A graph is a function if every x-value on the graph corresponds to exactly one y-value. In practical terms, this means no input (horizontal position) can produce two or more outputs (vertical positions). If you can find even a single spot where an x-value lines up with two different y-values, the graph is not a function.
This rule comes from the core definition of a function: a rule that assigns exactly one output to each input. On a coordinate plane, inputs run along the x-axis and outputs run along the y-axis, so the question becomes whether any point along the x-axis maps to more than one point on the curve above or below it.
The Vertical Line Test
The fastest way to check whether a graph represents a function is the vertical line test. Imagine dragging a vertical line across the graph from left to right. At every position, check how many times that vertical line touches the curve. If it never touches more than once at any position, the graph is a function. If it crosses the curve twice or more at any position, the graph fails the test.
The logic is straightforward. A vertical line captures every point that shares the same x-value. If the line hits the graph in two places, that single x-value is paired with two different y-values, which violates the one-output-per-input rule. You only need to find one such vertical line to disqualify the entire graph.
Graphs That Pass
Straight lines with any slope (except perfectly vertical) always pass the vertical line test. A line like y = 2x + 3 gives you one y-value for every x-value you plug in, so there’s no way a vertical line can hit it twice.
Parabolas that open upward or downward (like y = x²) also pass. Even though two different x-values can produce the same y-value (for instance, x = 2 and x = -2 both give y = 4), each individual x-value still produces only one y. That’s the key distinction: a function can reuse outputs, it just can’t assign multiple outputs to one input.
Other common graphs that qualify as functions include exponential curves, sine and cosine waves, logarithmic curves, and cubic equations. Despite their varied shapes, none of them allow a vertical line to intersect them more than once.
Graphs That Fail
Circles are one of the most common examples of graphs that are not functions. Take the equation x² + y² = 9, which draws a circle with radius 3. At x = 0, the circle has points at both y = 3 and y = -3. A vertical line through the center crosses the circle twice, so it fails the test.
Ellipses fail for the same reason: they’re stretched circles, and most vertical lines will cross them in two places. Sideways parabolas (where x depends on y² instead of the other way around) also fail because they curve back on themselves horizontally. The equation y = ±√x, for example, gives both a positive and negative y-value for every positive x.
A perfectly vertical line, like x = 5, is another classic non-function. Its domain is a single x-value, but its range is every real number. That one input corresponds to infinitely many outputs.

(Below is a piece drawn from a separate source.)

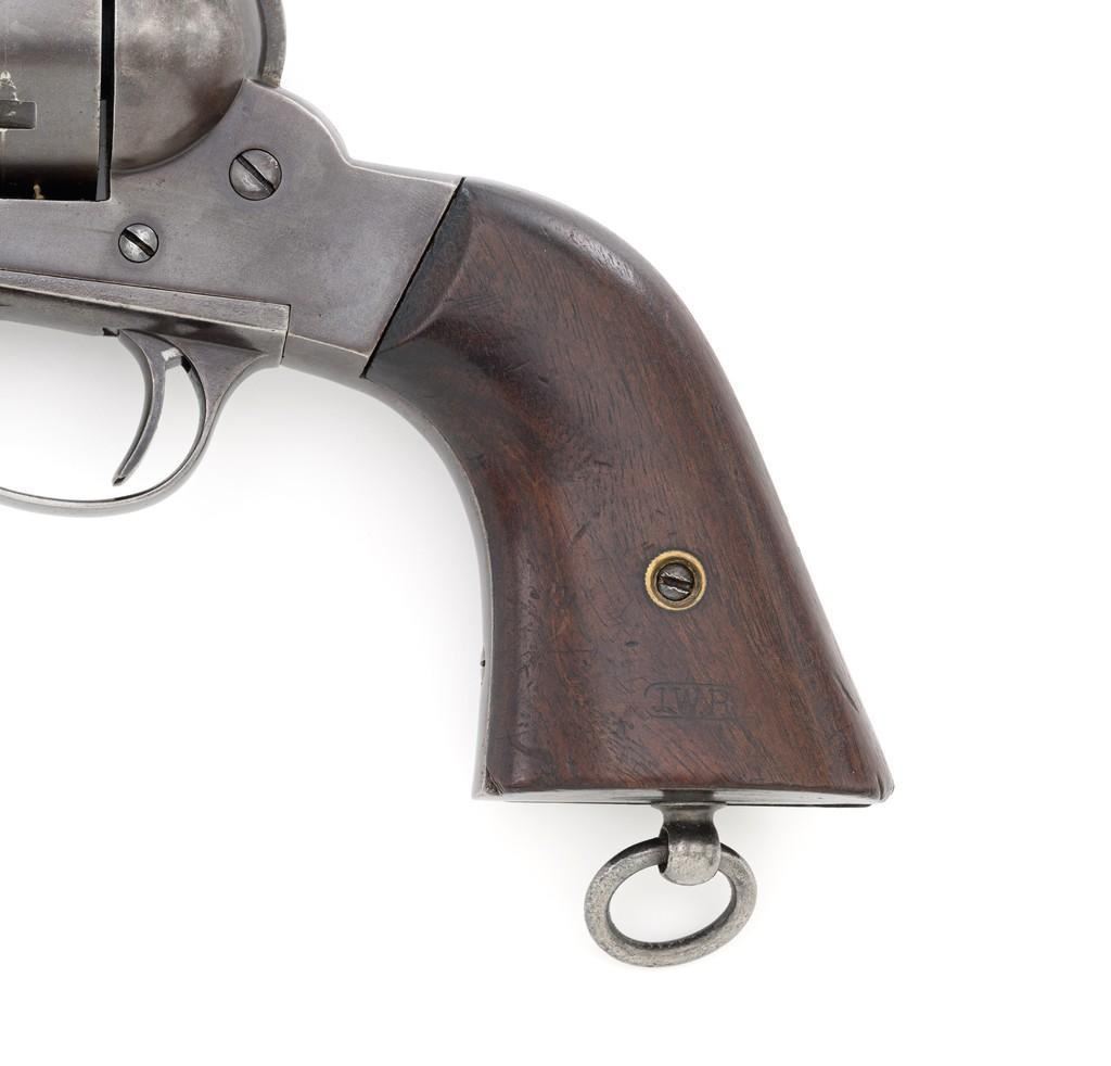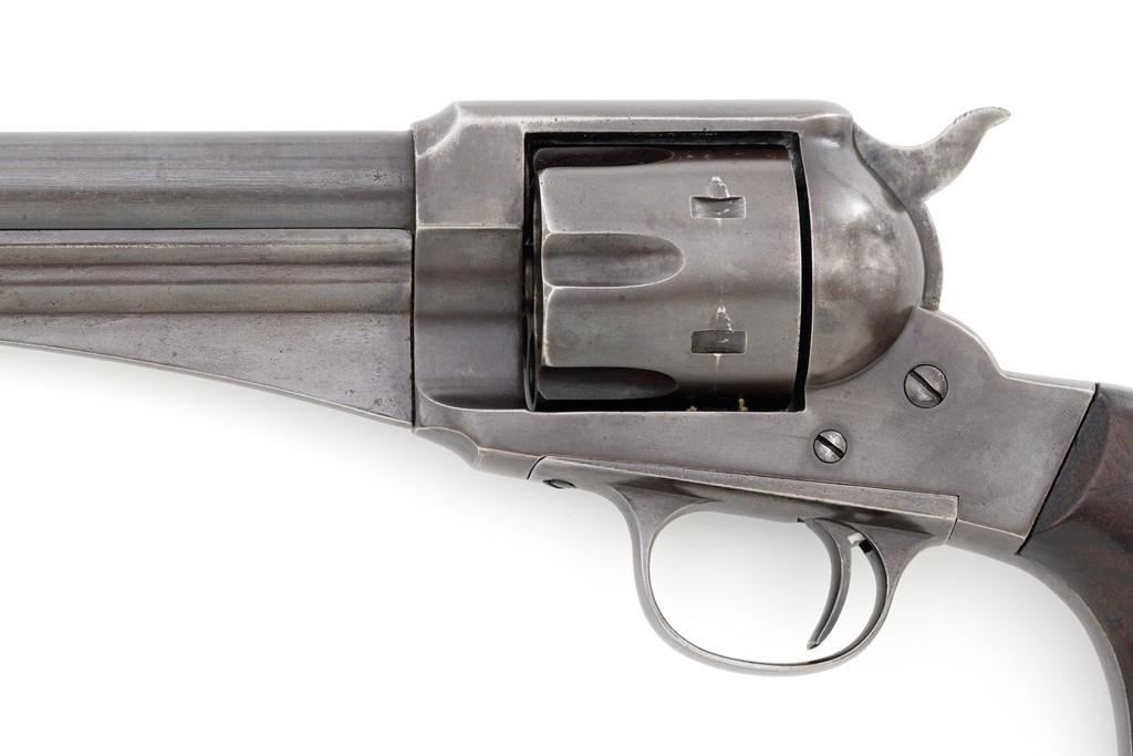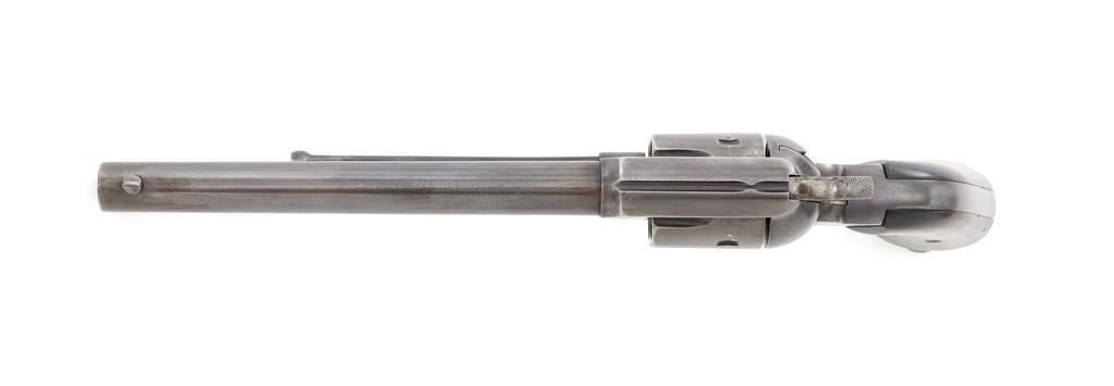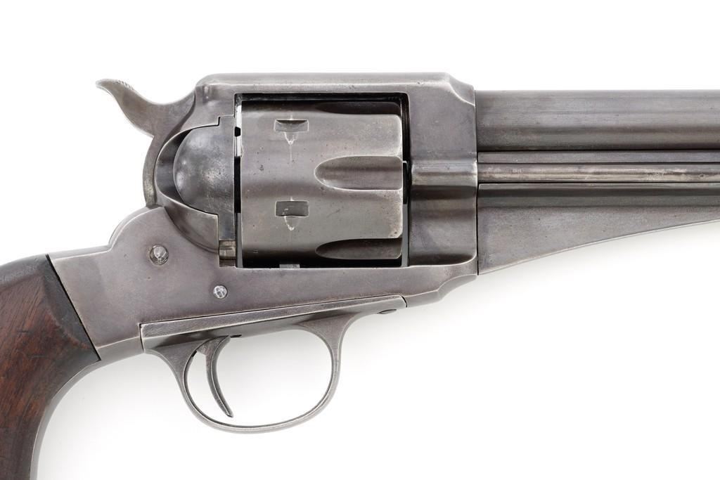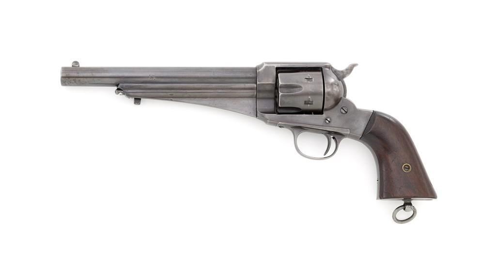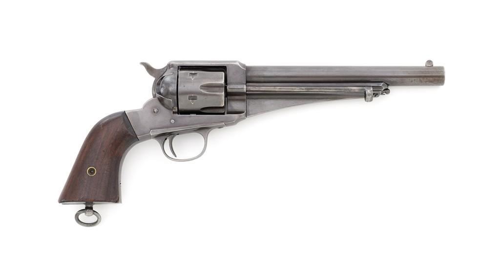 Scarce Egyptian Contract Remington Model 1875 Single Action Revolver, #12415, .44 Rem. cal., 7.5'' round barrel, blue finish, smooth walnut grips, ''pinched'' blade front sight, fixed ''U''-notch rear sight, with lanyard ring. Barrel address reads from breech to muzzle "E. REMINGTON & SONS. ILION, N.Y. U.S.A." Serial number located on left side of the grip frame and back of each grip in pencil. There is a small ''(star)R'' located on left side of the barrel and another is very faintly marked on left side of the frame; both are adjacent of each other. Walnut grips with ''JWR'' inspector's cartouche (James W. Reilly, Major) on the bottom left grip panel. One of approx. 10,000 that were ordered by the Egyptian government, exact numbers are unknown but only a small quantity were made or delivered. Revolver is in good condition with an overall smooth brown patina to the metal, showing evidence of light cleaning and likely an old refinish. There are some intermittent specks of light pitting, primarily on the barrel assembly. Barrel address is legible. Proof mark on the barrel is light but visible; frame is very faint and partially visible. Grips are fine with clear inspector's cartouche, showing moderate age and wear. Action is crisp. Bore with scattered light to moderate erosion; rifling is good. Est.: $2,500-$3,500. (Antique)(Michael Strietbeck Collection)

How Open and Closed Dots Matter
Piecewise graphs, where different rules apply to different sections of the x-axis, sometimes have breaks at their boundaries. At those break points, you’ll often see open circles (hollow dots) and closed circles (filled dots). An open circle means “this point is not included,” and a closed circle means “this point is included.”
This distinction is critical for the function test. If one piece of the graph ends with a closed dot at a particular x-value, and the next piece starts with an open dot at the same x-value, there’s still only one actual output at that x. The graph is a function. But if both pieces have closed dots at the same x-value with different y-values, that x-value maps to two outputs, and the graph fails.
Scatter Plots and Discrete Points
Not all graphs are smooth curves. Scatter plots and data tables produce graphs made of individual, unconnected points. The function rule still applies the same way: check whether any two points share the same x-coordinate. If two dots sit directly above each other (same x, different y), the set of points is not a function. If every dot has a unique x-coordinate, it qualifies.
You can still use the vertical line test here. Sweep a vertical line across the plot. If it never passes through more than one dot at a time, the discrete graph is a function.
Functions vs. Relations
Every function is a relation, but not every relation is a function. A relation is simply any connection between x-values and y-values on a graph. It places no restrictions on how many y-values can pair with a single x. A function adds one strict requirement: each x gets exactly one y.
This means circles, ellipses, and sideways parabolas are all perfectly valid relations. They describe real geometric shapes with useful properties. They just don’t meet the stricter standard of being a function, because their x-values don’t map to unique outputs.
Reading Domain and Range From a Graph
Once you’ve confirmed a graph is a function, you can read its domain and range directly. The domain is the full spread of x-values the graph covers, read from left to right. The range is the full spread of y-values, read from bottom to top. If the graph has arrows indicating it continues beyond what’s shown, the domain or range extends further than the visible portion.
For example, a parabola opening upward with its lowest point at y = -2 has a range of -2 to infinity. Its domain, assuming it stretches left and right without stopping, is all real numbers. Identifying these boundaries helps you understand not just that the graph is a function, but what inputs it accepts and what outputs it can produce.